Deacon (Unfinished Hero #4)(4)
He grabbed his keys and walked out the door right after a huge, terrifying man checked in to cabin eleven, leaving me alone on our property with said huge, terrifying man. A huge, terrifying man that even Grant couldn’t miss was huge and terrifying.
He still left me.
Alone.
I stood staring at the door, my stomach sinking because I knew that I’d taken a massive risk, sinking my savings into these cabins. Cabins the owners were so desperate to get rid of, the price was right, as in cheap, as in scary-cheap. Cabins they were so desperate to leave, they left every stick of furniture, every rug, every picture on the wall, in the cabins and the house. Cabins I took on, moving to another state where I knew no one. Having to fix them up, knowing how to paint a room but not much else.
But what I was realizing, too late, was the biggest risk I took, the risk that looked like it would fail, was the risk I took on Grant.
* * * * *
Late that night, I sat on my side porch with my feet up on the top railing, a beer in my hand, the sounds of the river rushing along the rocks to my left, the night air cool on my skin, my eyes trained through the thick trees to the dim light I could just barely see coming from cabin eleven.
It was late and Grant wasn’t back.
But scary guy was awake and doing something in cabin eleven.
I just hoped he wasn’t building a bomb or planning to overthrow the government, whereupon he would (again hopefully) fail spectacularly but I would be dragged in front of the cameras as the hapless cabin owner who stupidly rented him his headquarters to plan and carry out his dastardly deeds.
On that unhappy thought, one of a bazillion I’d had since Grant left, I took my feet from the railing and moved into the house. It was time for bed. Something I’d been getting into alone far more frequently the last couple of weeks.
I walked through the quiet house. My quiet house. An old, narrow, but somehow spacious, two story, three-bedroom, two and a half bath Victorian farmhouse that was a couple shades above dilapidated, but fixed up would be sublime.
I did this trying to think of all the ways I intended to fix it up (eventually). Something that I’d find exciting. A project I was raring to take on (after the cabins were done, of course). Something I preferred to think about rather than Grant being a jerk or the guy in cabin eleven scaring the crap out of me.
It was dark. I was alone. And try as I might (and I tried), I couldn’t stop the pain nagging at my heart that indications were very strong that things weren’t going to work out with Grant. We’d been together over a year. I was sure about him. If I wasn’t, I wouldn’t have dragged him to Colorado. I wouldn’t even have asked. I would have gone it alone. Maybe not then, at twenty-four years old with no idea what I was doing, but eventually.

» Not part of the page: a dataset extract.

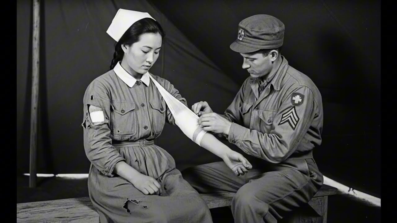 Sie hatte erwartet, Grausamkeit zu erfahren. Doch als sie in diesem provisorischen medizinischen Posten saß, war es etwas anderes, was sie erlebte. Eine junge japanische Krankenschwester, nicht älter als 20 Jahre, die Augen unsicher und voller Sorge, blickte auf ihre zerfetzte Uniform und den blutigen Ärmel. Der Geruch von Desinfektionsmittel mischte sich mit der Feuchtigkeit des Kanvas.

He’d promised to help. He’d said he was all in.
To make myself feel better (in other words, to give Grant excuses), I told myself all of this was new. It was a change. We’d only been there six weeks. We were both still getting accustomed to our new home, our new business, our new lives, and even ourselves, as we hadn’t lived together back home.
Maybe Grant turned into a dick when he was in an unknown situation and as things settled he’d go back to being my sweet, affectionate, loving, awesome boyfriend Grant.
I walked through the house, turning out lights, locking up, but when I went to the foyer to turn on the light to welcome Grant home (whenever he chose to come home) my eyes caught on the register.
It was new. Mom had bought it for me and gave it to me five minutes before Grant and I got in our packed cars and hauled ourselves up to Colorado. Mom giving it to me had made me laugh and hug her, and only when I was in my car, following Grant in his truck, did I let myself cry.
I saw from four feet away that we were still on the first page and there weren’t many names on the lines.
I moved closer and looked at the name on the last line.
In black, the writing slanted sharply to the right and spiky, I saw his name.
John Priest.
The name suited him in a Hollywood everyday-outrageously-handsome-guy-run-amok-with-vengeance character type of way.
In the real world, it seemed fake.
Which also didn’t bode well.
But Grant had his two hundred dollars to drink on and be the big man with his new buddies in town. And hopefully John Priest wasn’t building a bomb or torturing an innocent in cabin eleven.
Hopefully everything would be all right.
Hopefully everything would settle down, the work would get done, the fights would stop, Grant would go back to being Grant, and he and I could start living the dream.
I went to bed with these hopes in mind.
I went to bed but it took me ages to get to sleep because my mind knew they were just that.
Hopes.
Just hopes.
And even at my age, having grown up on a big ranch in Oklahoma with a great dad, a wonderful mom, an older sister who’d never been sneaky or jealous or mean but sweet and supportive and awesome, a younger brother who acted like an older one in the protective and loving departments—in other words, I’d lived a good life—I still knew hopes were that.
Just hopes.
Not reality.
* * * * *
“Toss pillows?”
I looked from my desk to Grant, who was standing by the huge bags strewn around the study filled with comforters, sheets, and toss pillows. He was holding what I thought was a sweet toss pillow in his hand but he was glaring at me.